## Record extracts
+===+

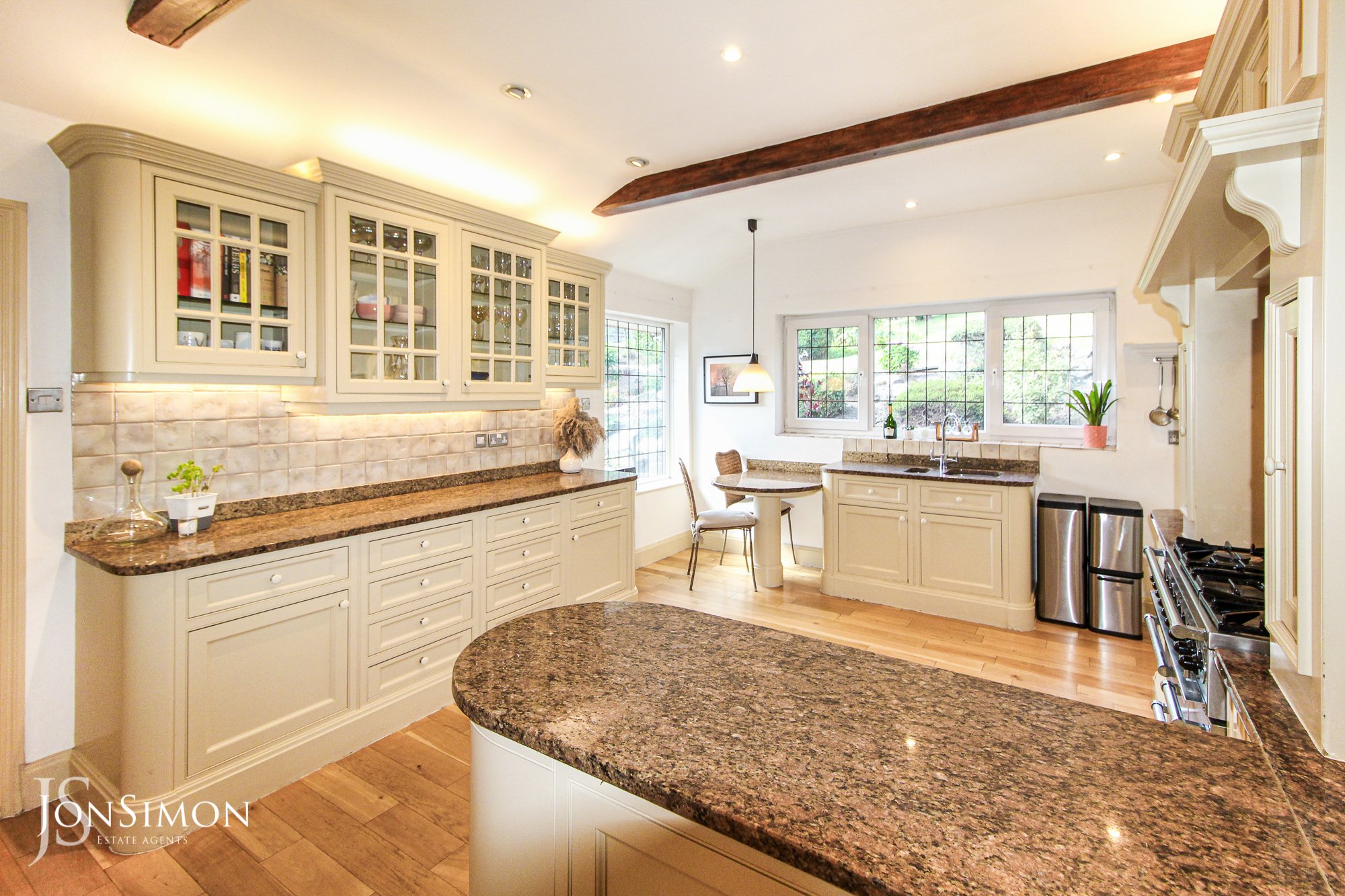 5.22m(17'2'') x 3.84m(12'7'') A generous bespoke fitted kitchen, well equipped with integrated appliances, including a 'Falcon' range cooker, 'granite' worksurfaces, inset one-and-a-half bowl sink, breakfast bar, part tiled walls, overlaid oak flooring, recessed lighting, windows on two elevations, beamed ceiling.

+===+

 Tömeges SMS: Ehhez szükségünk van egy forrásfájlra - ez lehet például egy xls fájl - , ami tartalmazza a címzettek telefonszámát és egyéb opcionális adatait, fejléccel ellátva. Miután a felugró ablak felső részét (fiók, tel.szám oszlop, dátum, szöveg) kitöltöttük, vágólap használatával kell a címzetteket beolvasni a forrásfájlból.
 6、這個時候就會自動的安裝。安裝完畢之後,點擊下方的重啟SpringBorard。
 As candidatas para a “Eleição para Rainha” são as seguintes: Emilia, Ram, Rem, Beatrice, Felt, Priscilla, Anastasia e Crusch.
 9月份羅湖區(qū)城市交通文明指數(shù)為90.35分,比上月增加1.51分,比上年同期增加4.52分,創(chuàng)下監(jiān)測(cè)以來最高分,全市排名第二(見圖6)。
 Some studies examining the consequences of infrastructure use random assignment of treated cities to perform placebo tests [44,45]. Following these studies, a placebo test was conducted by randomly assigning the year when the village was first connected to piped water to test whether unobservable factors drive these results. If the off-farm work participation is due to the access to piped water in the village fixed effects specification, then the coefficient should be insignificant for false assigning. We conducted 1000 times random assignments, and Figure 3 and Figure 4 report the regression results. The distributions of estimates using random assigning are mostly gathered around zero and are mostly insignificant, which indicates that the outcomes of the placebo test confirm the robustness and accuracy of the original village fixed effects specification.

+===+

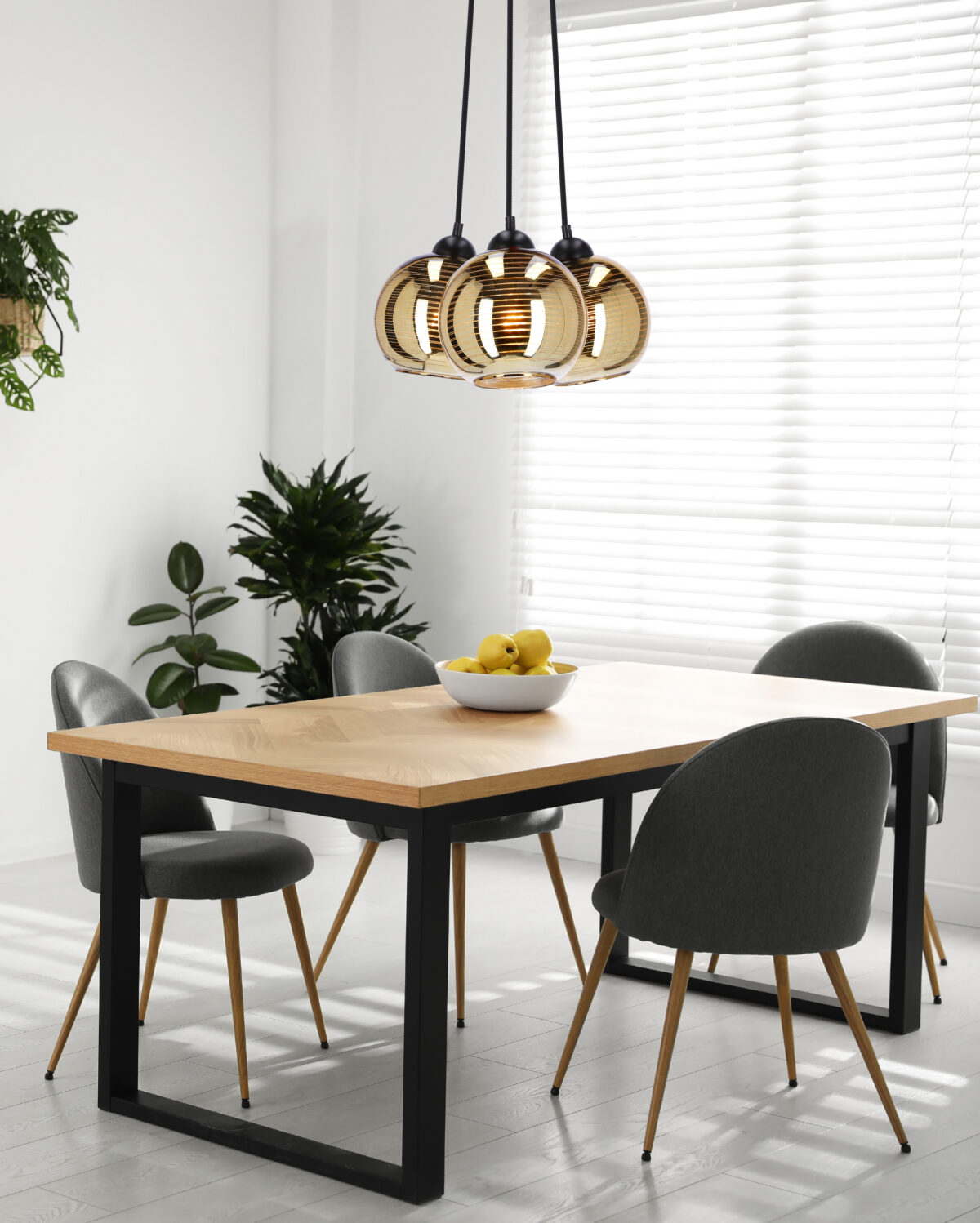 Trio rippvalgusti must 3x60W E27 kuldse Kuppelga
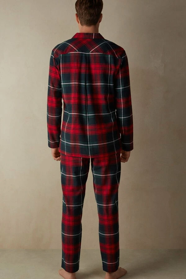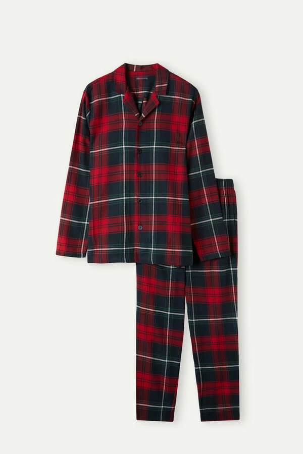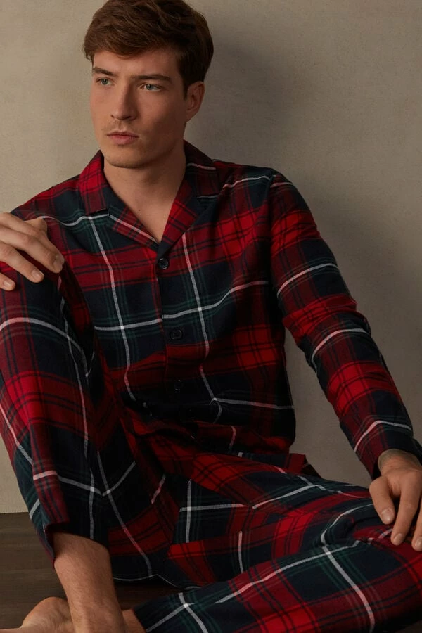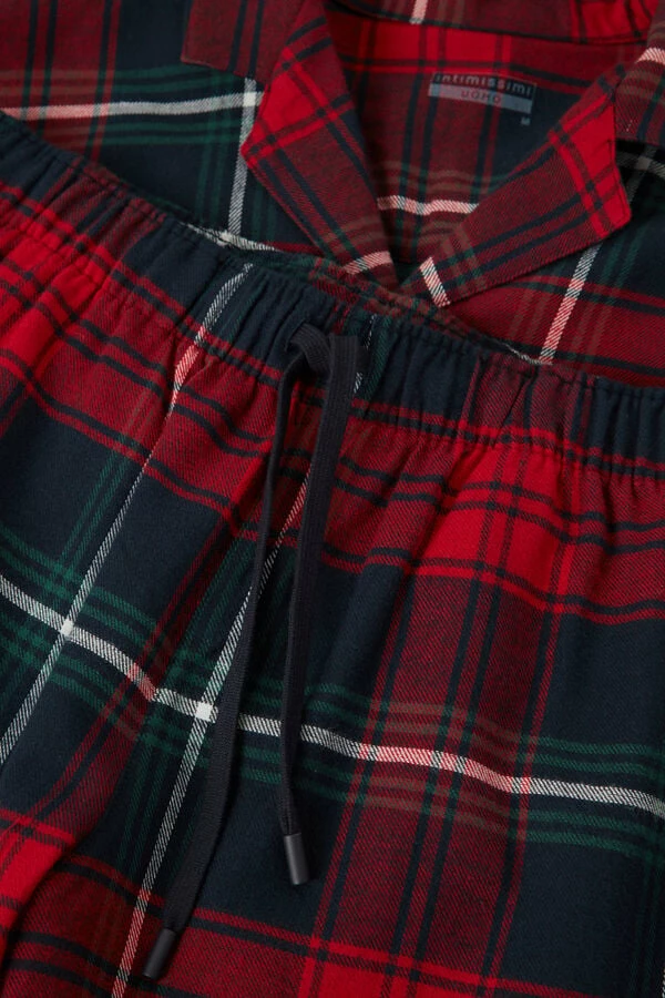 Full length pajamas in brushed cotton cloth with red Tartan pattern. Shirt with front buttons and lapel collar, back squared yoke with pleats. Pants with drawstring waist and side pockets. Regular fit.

+===+

## Work item
The lines above from the one containing "Tömeges SMS: Ehhez" through the one containing "9月份羅湖區(qū)城市交通" are to be set down exactly, and no others.

## Response to the task
 Tömeges SMS: Ehhez szükségünk van egy forrásfájlra - ez lehet például egy xls fájl - , ami tartalmazza a címzettek telefonszámát és egyéb opcionális adatait, fejléccel ellátva. Miután a felugró ablak felső részét (fiók, tel.szám oszlop, dátum, szöveg) kitöltöttük, vágólap használatával kell a címzetteket beolvasni a forrásfájlból.
 6、這個時候就會自動的安裝。安裝完畢之後,點擊下方的重啟SpringBorard。
 As candidatas para a “Eleição para Rainha” são as seguintes: Emilia, Ram, Rem, Beatrice, Felt, Priscilla, Anastasia e Crusch.
 9月份羅湖區(qū)城市交通文明指數(shù)為90.35分,比上月增加1.51分,比上年同期增加4.52分,創(chuàng)下監(jiān)測(cè)以來最高分,全市排名第二(見圖6)。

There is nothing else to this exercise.